WHAT IS NEEDED: In the listing below, locate the line with "Järjestä pientavarat kätevästi" and the line with "また、前日までのキャンセル等", then output both and everything between them exactly, minus any pictures.

SUPPLIED MATERIAL:
****

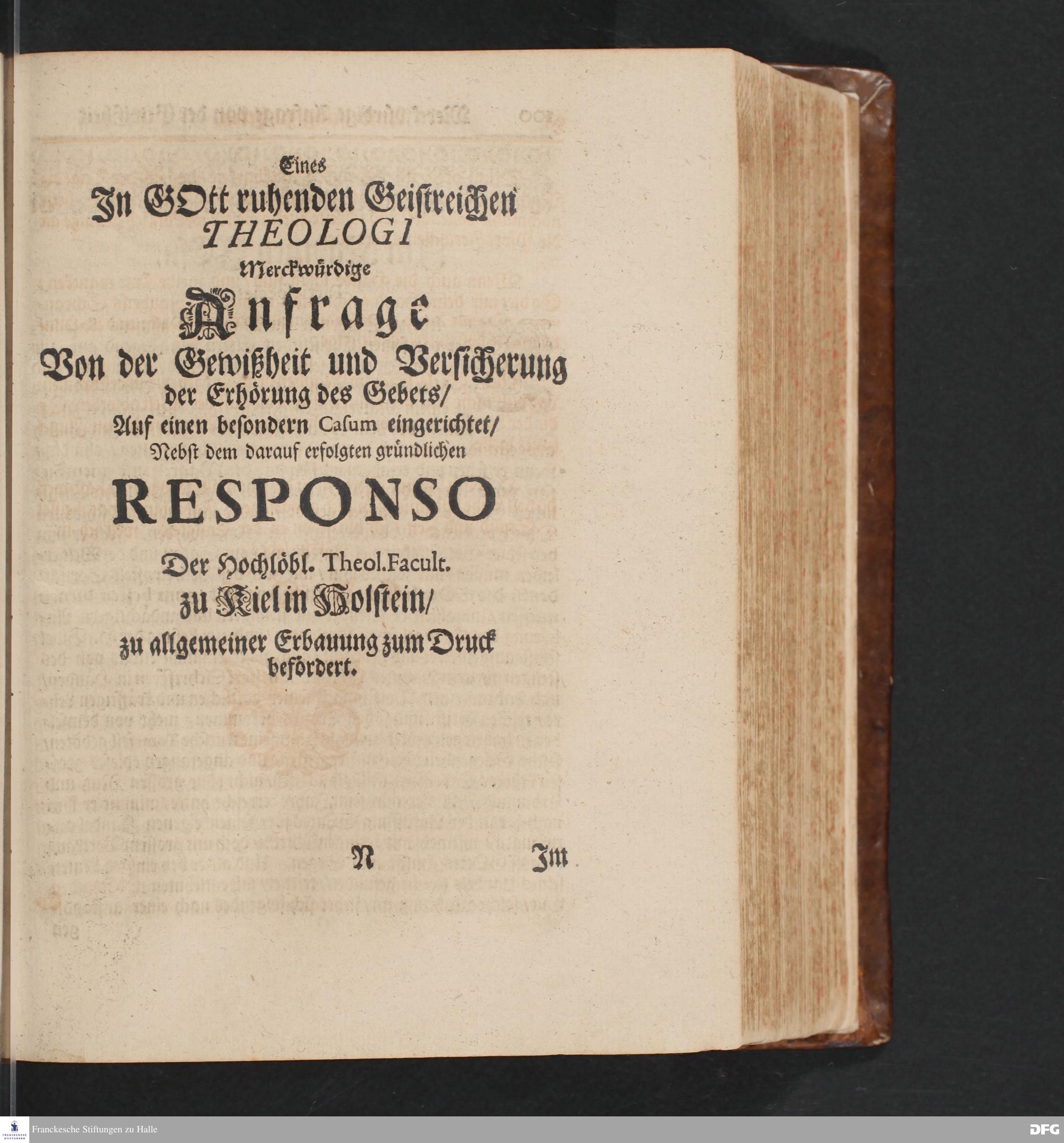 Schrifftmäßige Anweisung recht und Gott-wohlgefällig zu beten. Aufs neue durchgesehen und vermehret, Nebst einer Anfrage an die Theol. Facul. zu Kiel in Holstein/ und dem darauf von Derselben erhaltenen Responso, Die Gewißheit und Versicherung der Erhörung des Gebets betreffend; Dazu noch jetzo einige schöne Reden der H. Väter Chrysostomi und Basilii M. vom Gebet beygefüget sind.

****

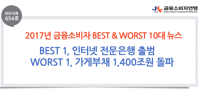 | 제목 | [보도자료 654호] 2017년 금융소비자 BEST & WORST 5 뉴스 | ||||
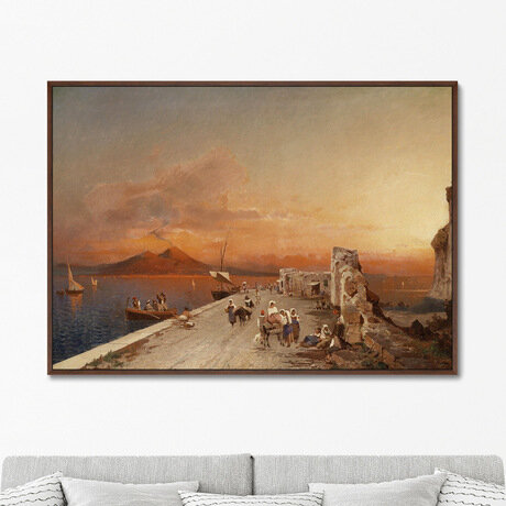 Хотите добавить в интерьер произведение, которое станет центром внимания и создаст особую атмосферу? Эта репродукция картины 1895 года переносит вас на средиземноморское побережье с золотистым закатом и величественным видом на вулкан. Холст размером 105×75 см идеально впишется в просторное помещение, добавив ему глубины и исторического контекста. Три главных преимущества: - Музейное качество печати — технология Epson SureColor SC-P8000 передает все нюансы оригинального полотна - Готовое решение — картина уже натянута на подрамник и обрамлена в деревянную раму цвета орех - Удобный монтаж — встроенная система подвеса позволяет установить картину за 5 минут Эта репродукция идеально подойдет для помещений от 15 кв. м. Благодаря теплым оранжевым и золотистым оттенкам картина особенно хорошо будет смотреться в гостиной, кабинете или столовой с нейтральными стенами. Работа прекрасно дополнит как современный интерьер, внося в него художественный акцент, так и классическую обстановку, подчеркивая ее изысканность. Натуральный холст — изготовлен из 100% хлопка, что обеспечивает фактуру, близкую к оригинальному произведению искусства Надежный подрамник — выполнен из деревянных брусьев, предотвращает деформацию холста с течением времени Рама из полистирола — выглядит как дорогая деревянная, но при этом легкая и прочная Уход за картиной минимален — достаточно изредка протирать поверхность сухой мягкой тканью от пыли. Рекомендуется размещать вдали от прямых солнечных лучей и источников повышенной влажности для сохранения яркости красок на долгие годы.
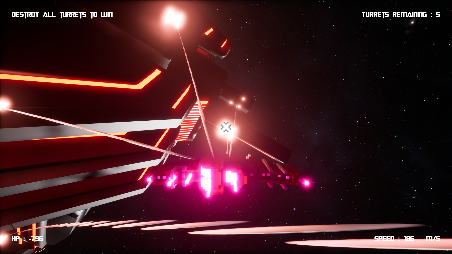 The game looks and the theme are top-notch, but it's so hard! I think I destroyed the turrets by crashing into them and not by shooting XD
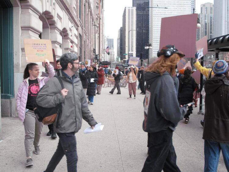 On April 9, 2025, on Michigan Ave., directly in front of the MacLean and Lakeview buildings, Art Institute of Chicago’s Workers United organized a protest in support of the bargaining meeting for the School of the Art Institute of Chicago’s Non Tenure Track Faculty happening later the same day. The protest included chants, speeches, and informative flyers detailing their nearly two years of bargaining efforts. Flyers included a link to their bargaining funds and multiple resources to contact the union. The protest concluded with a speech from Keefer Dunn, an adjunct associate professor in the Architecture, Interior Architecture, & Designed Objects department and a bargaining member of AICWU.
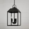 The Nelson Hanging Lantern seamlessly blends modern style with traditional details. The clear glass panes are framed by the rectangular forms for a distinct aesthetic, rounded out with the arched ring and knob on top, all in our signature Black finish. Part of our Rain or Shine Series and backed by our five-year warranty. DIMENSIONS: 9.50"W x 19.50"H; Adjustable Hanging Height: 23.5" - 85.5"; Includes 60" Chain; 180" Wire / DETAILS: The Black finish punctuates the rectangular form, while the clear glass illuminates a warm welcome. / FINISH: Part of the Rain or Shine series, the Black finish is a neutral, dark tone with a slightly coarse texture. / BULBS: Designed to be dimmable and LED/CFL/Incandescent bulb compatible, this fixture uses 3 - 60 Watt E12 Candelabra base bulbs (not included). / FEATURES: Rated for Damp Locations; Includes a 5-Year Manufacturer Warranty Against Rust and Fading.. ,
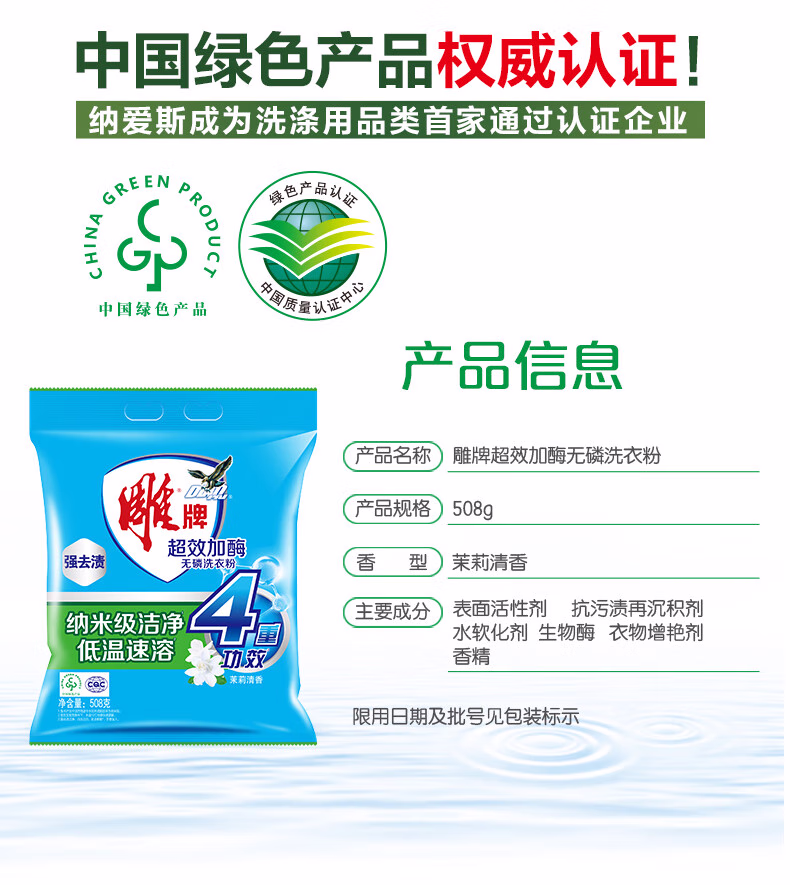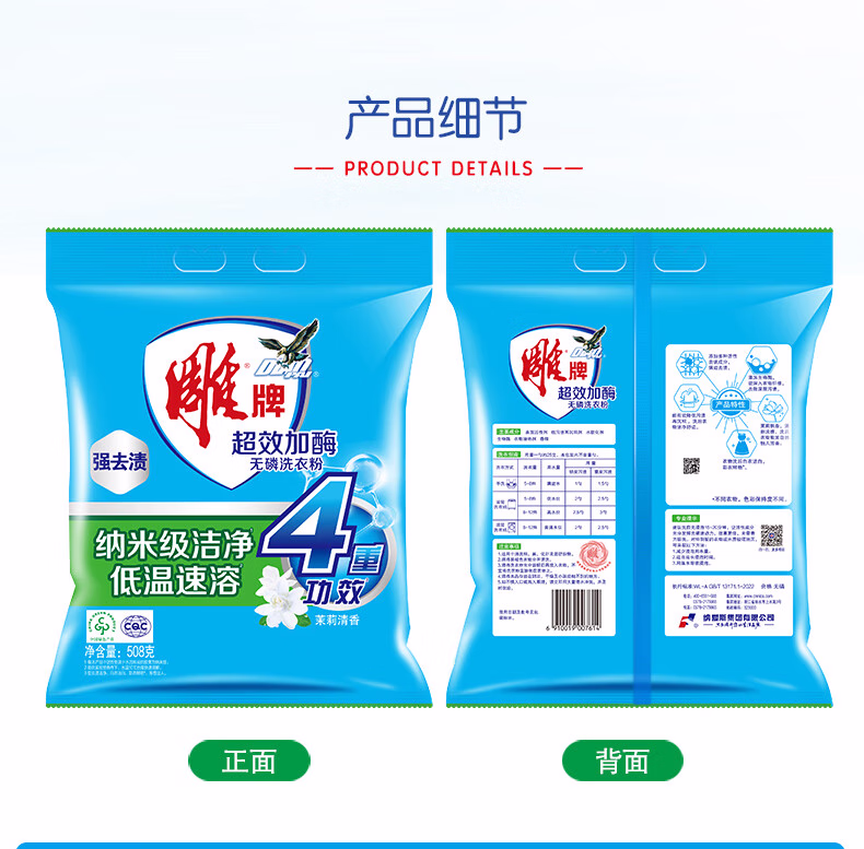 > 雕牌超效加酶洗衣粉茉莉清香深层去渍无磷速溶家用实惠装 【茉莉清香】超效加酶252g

****

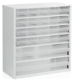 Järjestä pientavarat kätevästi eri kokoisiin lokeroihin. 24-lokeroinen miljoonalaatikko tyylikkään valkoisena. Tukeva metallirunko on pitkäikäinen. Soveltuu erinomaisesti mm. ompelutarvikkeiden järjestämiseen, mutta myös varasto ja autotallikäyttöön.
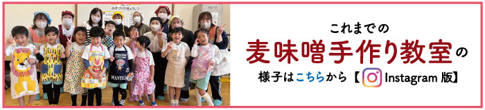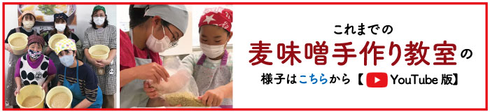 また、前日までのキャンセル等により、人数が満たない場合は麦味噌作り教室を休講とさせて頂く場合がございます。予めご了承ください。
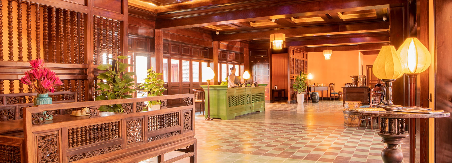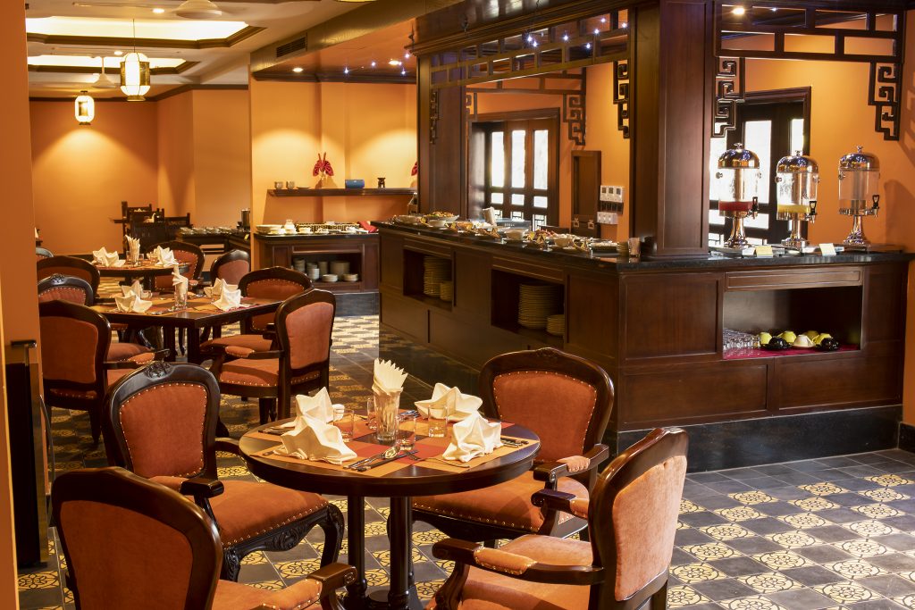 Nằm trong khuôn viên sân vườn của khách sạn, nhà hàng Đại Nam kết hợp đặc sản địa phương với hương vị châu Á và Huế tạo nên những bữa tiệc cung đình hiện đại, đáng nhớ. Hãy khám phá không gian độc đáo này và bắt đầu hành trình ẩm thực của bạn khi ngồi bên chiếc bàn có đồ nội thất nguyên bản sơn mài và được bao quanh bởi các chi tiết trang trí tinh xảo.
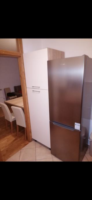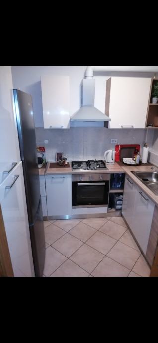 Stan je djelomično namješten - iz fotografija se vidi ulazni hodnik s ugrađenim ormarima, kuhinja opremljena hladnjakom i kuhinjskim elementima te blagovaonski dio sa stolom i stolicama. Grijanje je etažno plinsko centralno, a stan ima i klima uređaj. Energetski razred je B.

****

RESPONSE BELOW:
 Järjestä pientavarat kätevästi eri kokoisiin lokeroihin. 24-lokeroinen miljoonalaatikko tyylikkään valkoisena. Tukeva metallirunko on pitkäikäinen. Soveltuu erinomaisesti mm. ompelutarvikkeiden järjestämiseen, mutta myös varasto ja autotallikäyttöön.
 また、前日までのキャンセル等により、人数が満たない場合は麦味噌作り教室を休講とさせて頂く場合がございます。予めご了承ください。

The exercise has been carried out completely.